(RECORDED DATA)
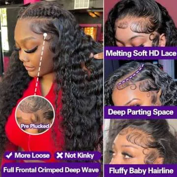 LRV 26 Inch Deep Wave Lace Front Wigs Human Hair, 13x4 HD Curly Lace Front Human Hair Wet Wavy Waterwave Glueless Frontal Deep Wave Wig for Women, Pre Plucked, 180 Density, Average Cap, Tangle Free
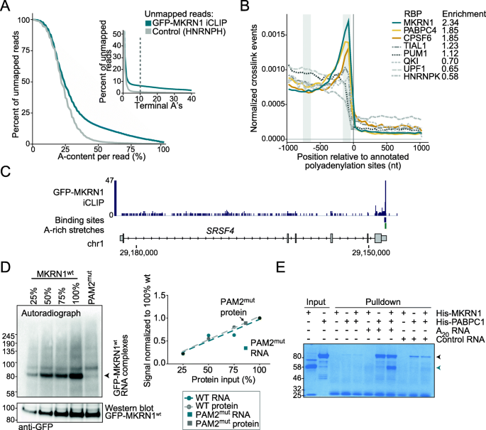结果解读:MKRN1主要结合蛋白质编码mRNA的3" UTR,且前20%的高置信结合位点下游显著富集AAAA四聚体(poly(A)序列特征);PAM2mut导致MKRN1的RNA结合能力下降约70%(Fig.2),表明其RNA结合依赖PABPC1。
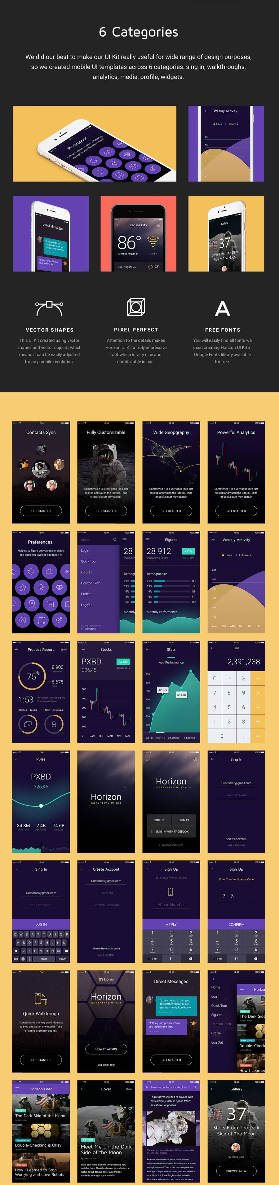 Horizon UI Kit的高级套件,包括50个iOS移动模板
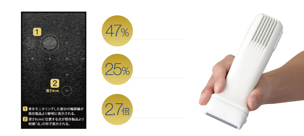 プローブとモバイル機器のみで使用できるため携帯性に優れ、院外へ持ち出しての検査を強力にサポート。SONON500Lは従来製品(300L)と比べ、体積47%減、重さ25%減と、更なる小型・軽量化を実現。更に画質も向上。従来の1次元ビームフォーミングから、2次元ビームフォーミングに拡張した次世代超音波エンジンVSE™を実現。さらに、有効チャンネル数も24chから64chに大幅増。ソフト・ハード両面から画質向上を実現しました。
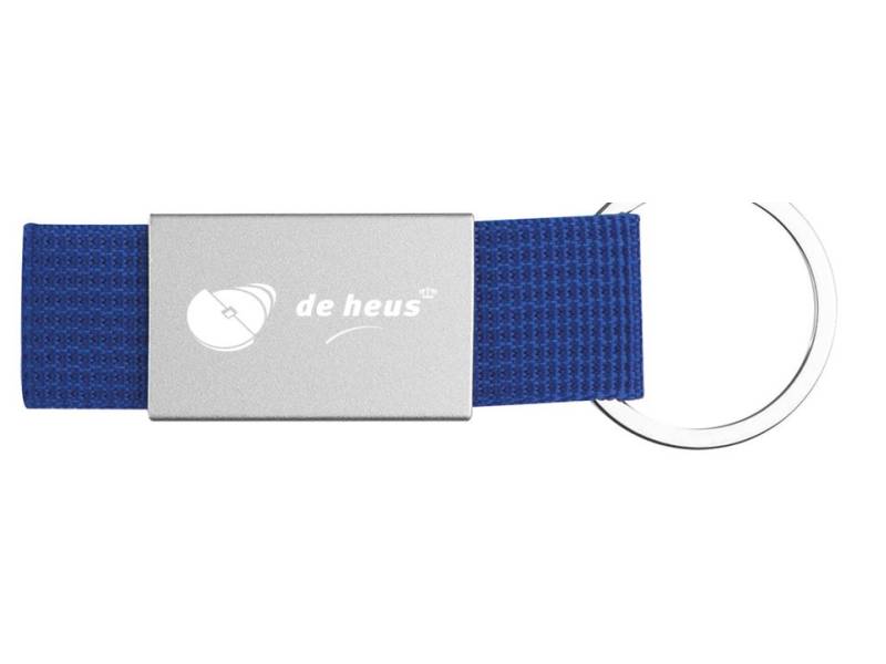 Brelok składający się z kolorowej taśmy i metalowej tabliczki.
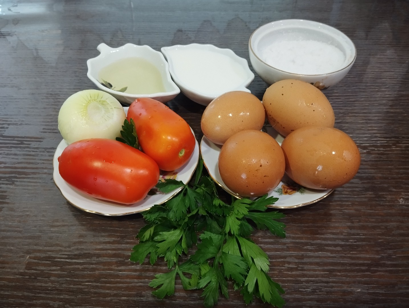 Лук порезала мелкими кубиками, помидоры дольками и обжарила. Яйца слегка взбила с молоком. Залила овощи и довела до готовности. Готовое блюдо посыпала измельченной зеленью петрушки.
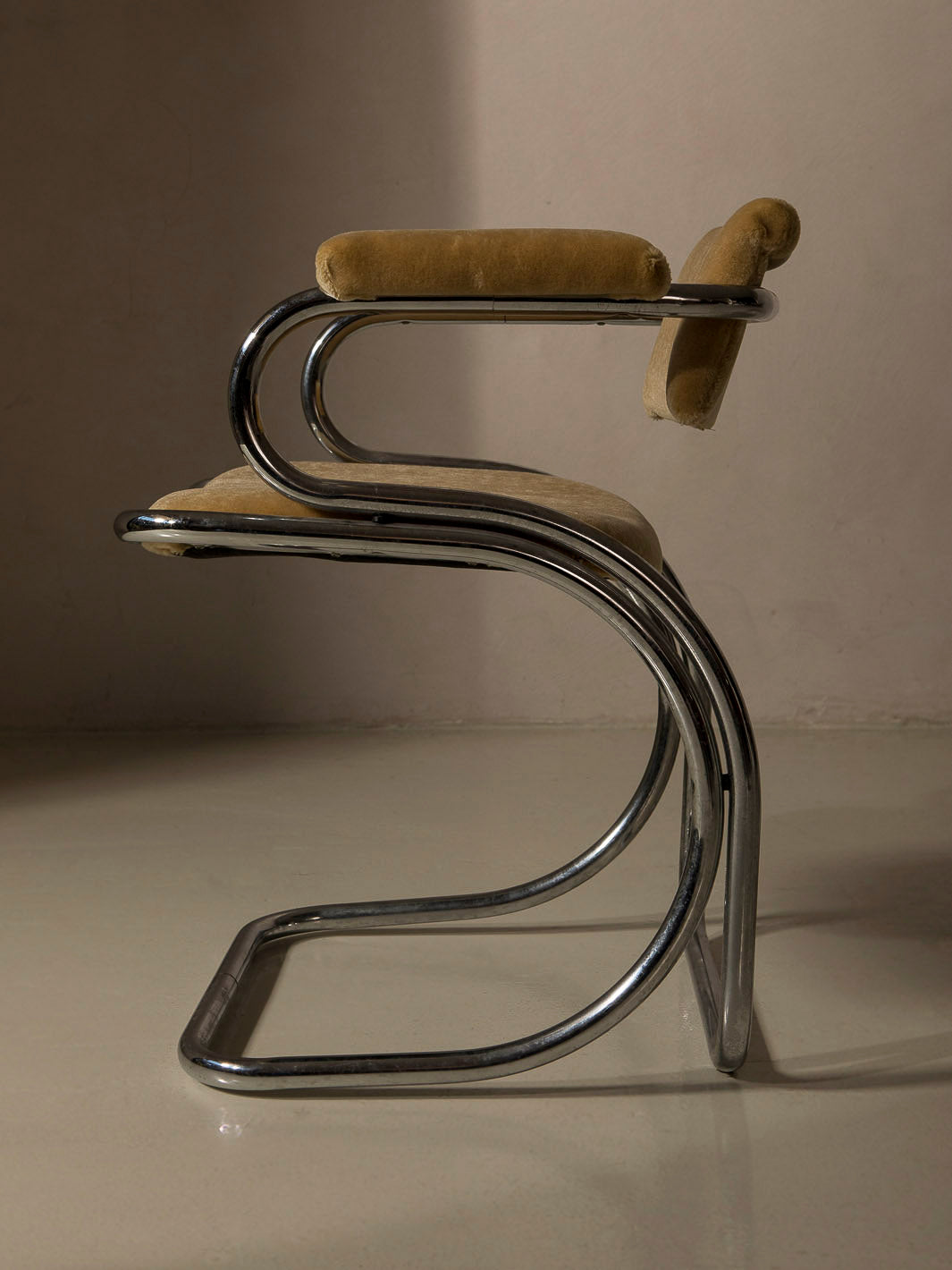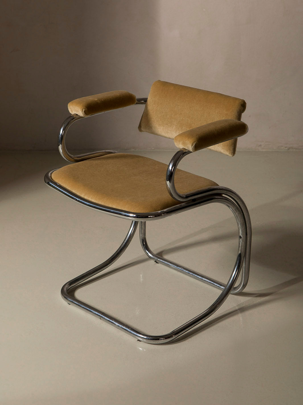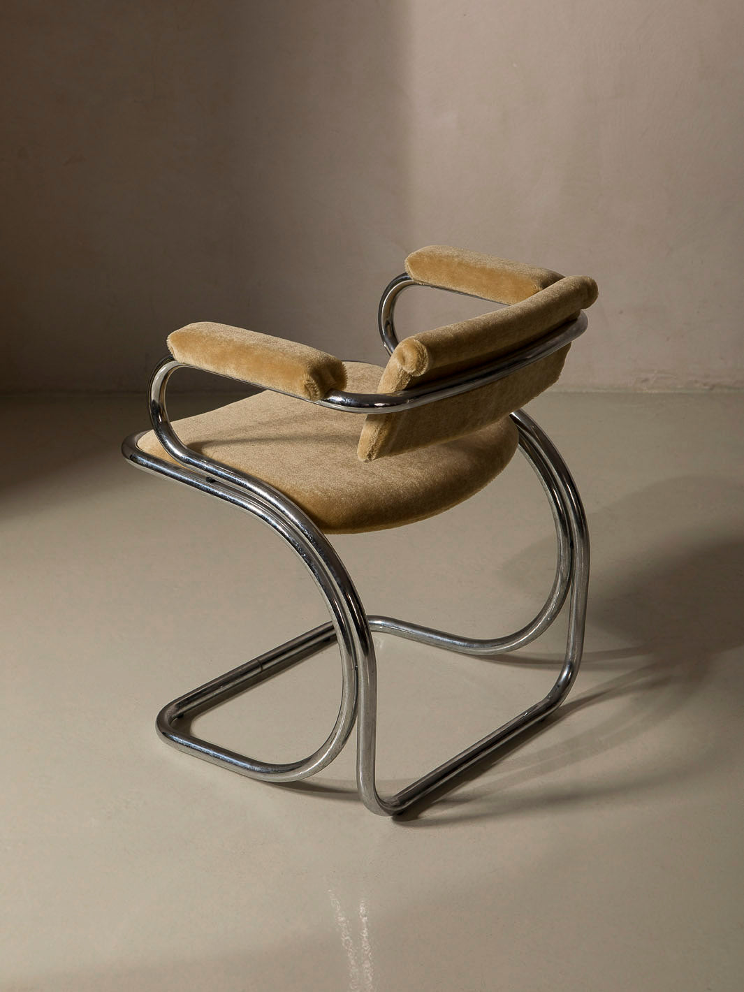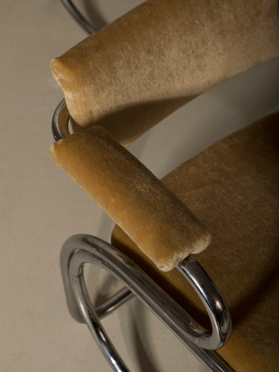 Juego de 6 sillas italianas de los años 60, tapizadas en terciopelo de mohair color mantequilla y base cromada.
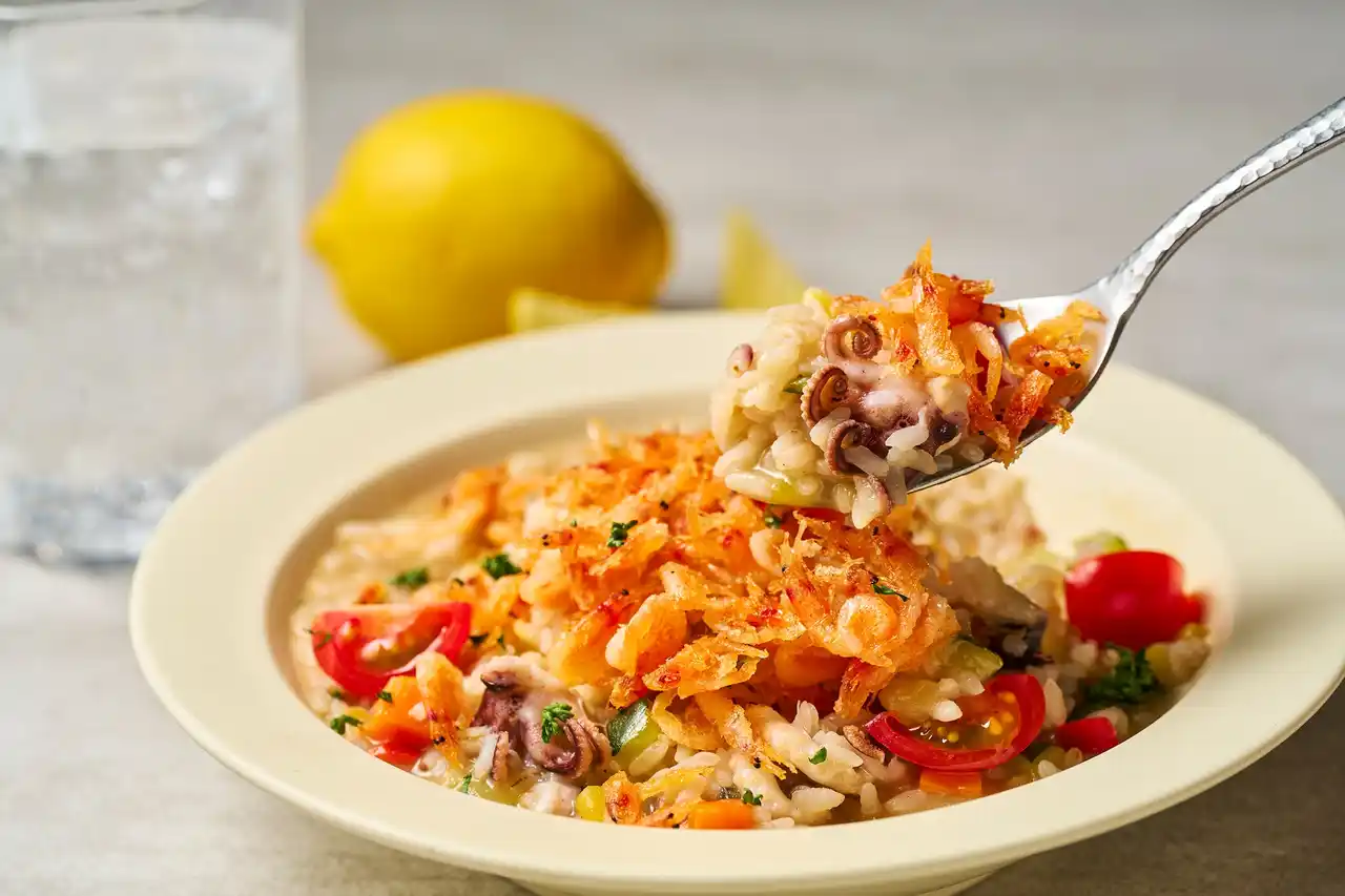 イイダコと桜えび、いろいろ野菜のリゾット |
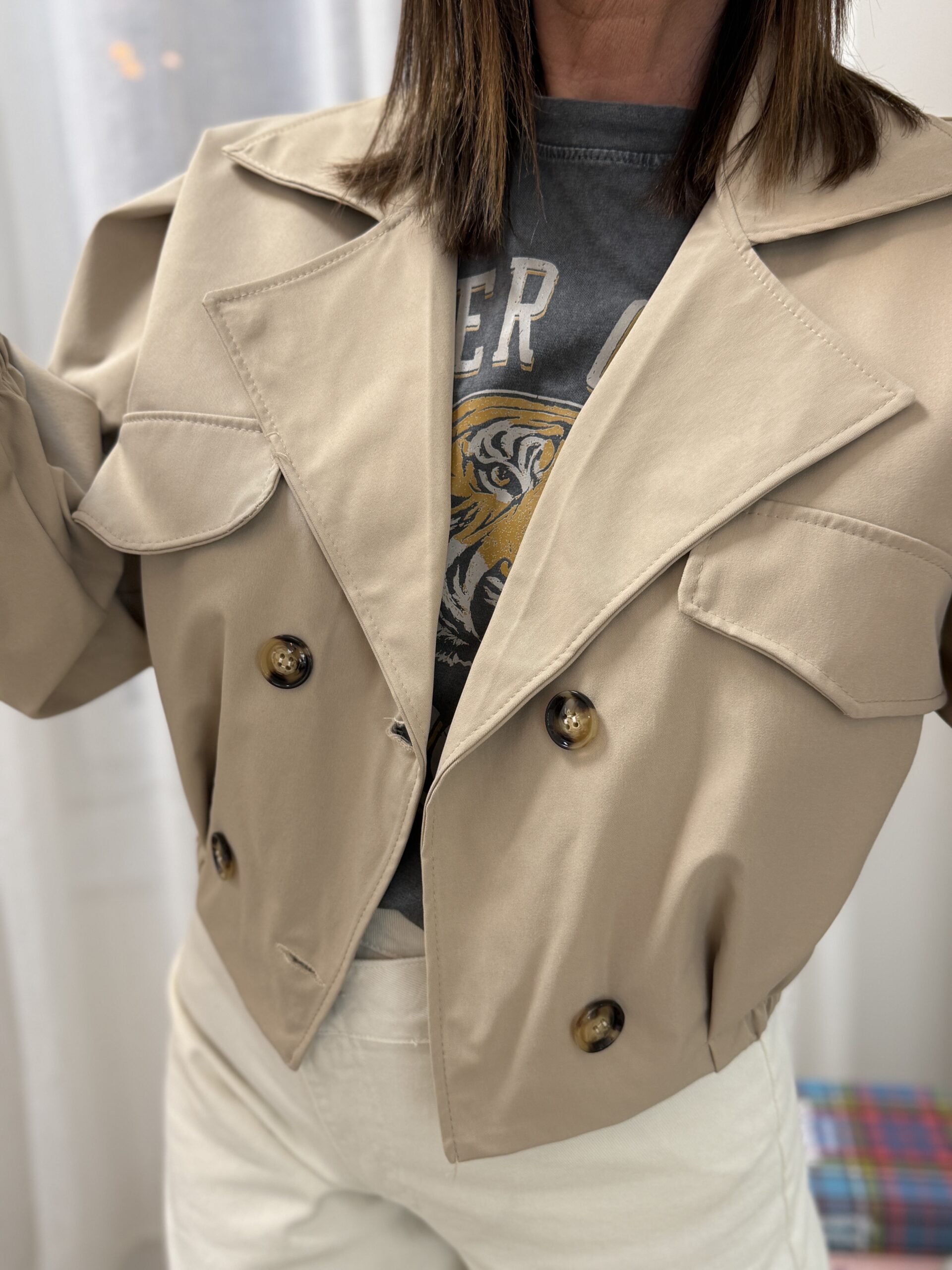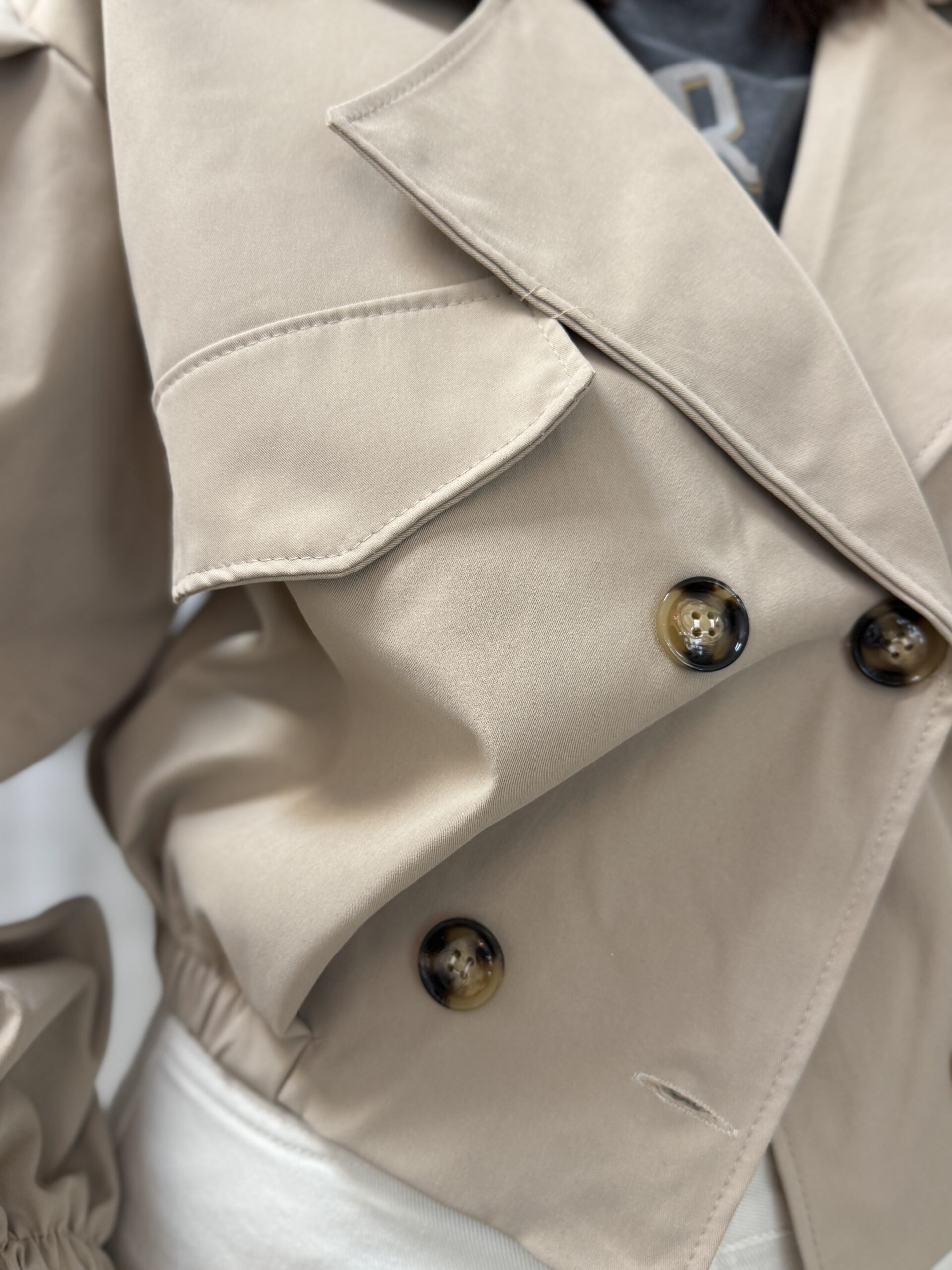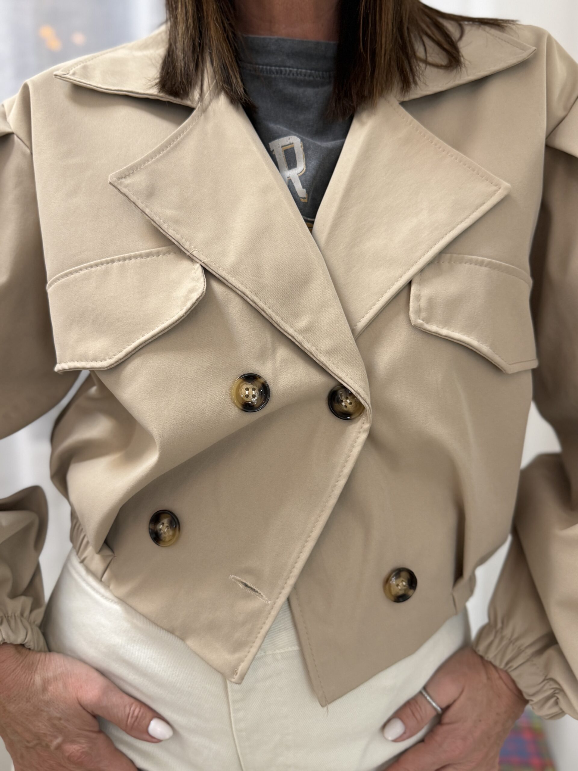 Ce bomber court beige revisite les codes du trench-coat classique dans une version moderne et structurée.
(End RECORDED DATA)
WHAT IS BEING ASKED
What you return must match the lines from the top of the data through the line with "Horizon UI Kit的高级套件,包括50个iOS移动模板" exactly, with the pictures removed.

SOLUTION TO THIS TASK
 LRV 26 Inch Deep Wave Lace Front Wigs Human Hair, 13x4 HD Curly Lace Front Human Hair Wet Wavy Waterwave Glueless Frontal Deep Wave Wig for Women, Pre Plucked, 180 Density, Average Cap, Tangle Free
结果解读:MKRN1主要结合蛋白质编码mRNA的3" UTR,且前20%的高置信结合位点下游显著富集AAAA四聚体(poly(A)序列特征);PAM2mut导致MKRN1的RNA结合能力下降约70%(Fig.2),表明其RNA结合依赖PABPC1。
 Horizon UI Kit的高级套件,包括50个iOS移动模板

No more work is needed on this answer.